## GOAL OF THE EXERCISE
Find the line with "Phylum Phaeophyta •" in the records below, then please transcribe it and every later line exactly, omitting the pictures and adding nothing.

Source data
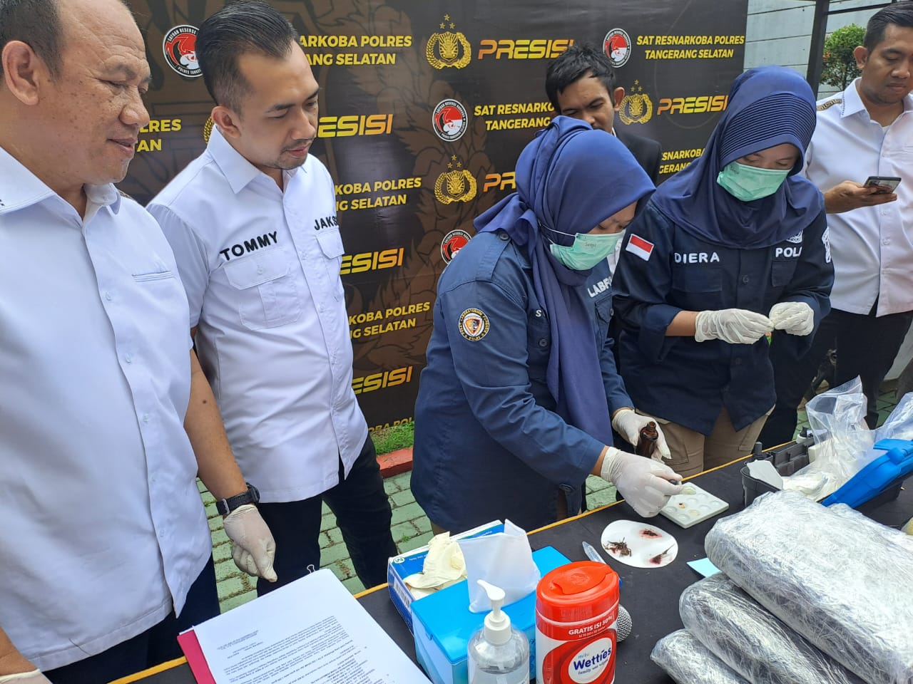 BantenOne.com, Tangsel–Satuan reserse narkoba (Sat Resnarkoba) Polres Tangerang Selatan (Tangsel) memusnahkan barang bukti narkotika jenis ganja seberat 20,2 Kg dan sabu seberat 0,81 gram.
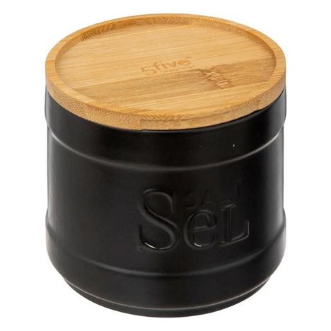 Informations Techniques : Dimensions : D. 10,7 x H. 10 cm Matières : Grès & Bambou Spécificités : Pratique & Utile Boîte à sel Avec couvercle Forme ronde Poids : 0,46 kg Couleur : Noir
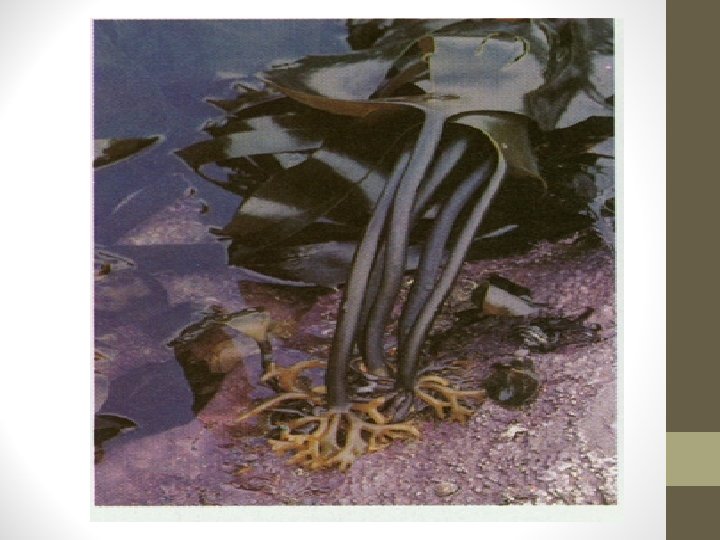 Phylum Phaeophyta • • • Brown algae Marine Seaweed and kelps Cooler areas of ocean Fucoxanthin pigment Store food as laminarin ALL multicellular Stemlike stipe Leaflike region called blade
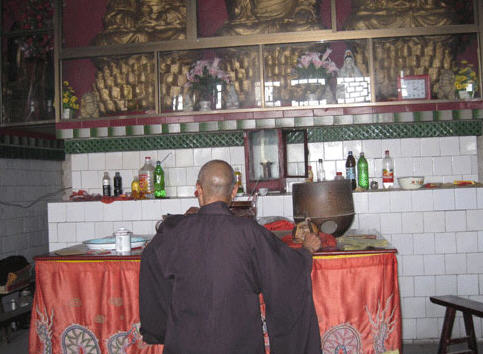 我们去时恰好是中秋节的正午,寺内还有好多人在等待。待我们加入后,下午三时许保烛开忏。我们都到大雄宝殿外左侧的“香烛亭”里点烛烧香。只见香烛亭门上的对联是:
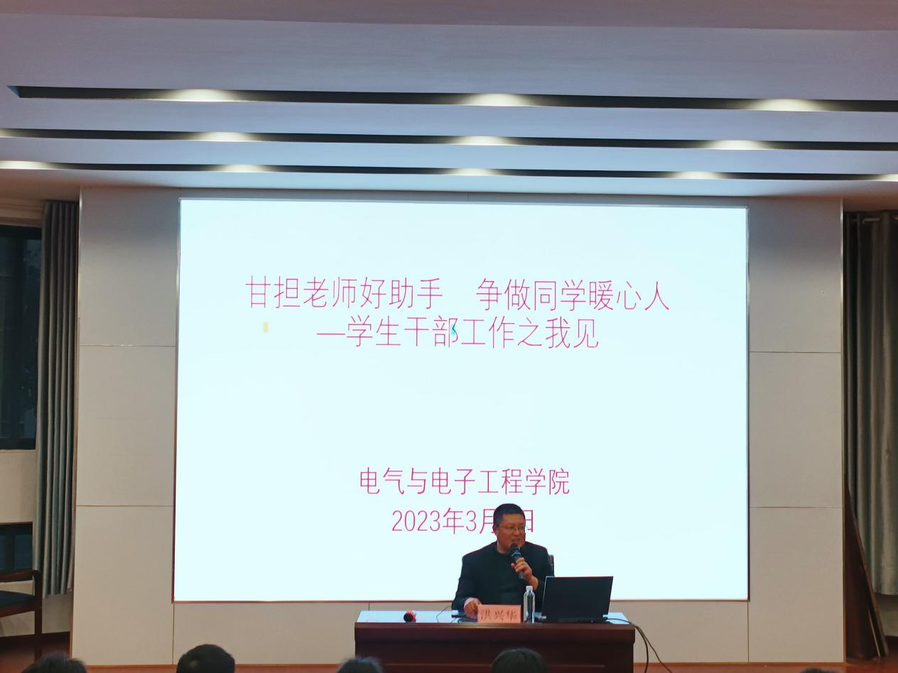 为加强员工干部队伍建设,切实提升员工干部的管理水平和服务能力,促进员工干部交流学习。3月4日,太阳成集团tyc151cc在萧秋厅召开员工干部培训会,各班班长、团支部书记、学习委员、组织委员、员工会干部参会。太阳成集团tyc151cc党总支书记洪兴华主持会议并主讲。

## SOLUTION TO THIS EXERCISE
 Phylum Phaeophyta • • • Brown algae Marine Seaweed and kelps Cooler areas of ocean Fucoxanthin pigment Store food as laminarin ALL multicellular Stemlike stipe Leaflike region called blade
 我们去时恰好是中秋节的正午,寺内还有好多人在等待。待我们加入后,下午三时许保烛开忏。我们都到大雄宝殿外左侧的“香烛亭”里点烛烧香。只见香烛亭门上的对联是:
 为加强员工干部队伍建设,切实提升员工干部的管理水平和服务能力,促进员工干部交流学习。3月4日,太阳成集团tyc151cc在萧秋厅召开员工干部培训会,各班班长、团支部书记、学习委员、组织委员、员工会干部参会。太阳成集团tyc151cc党总支书记洪兴华主持会议并主讲。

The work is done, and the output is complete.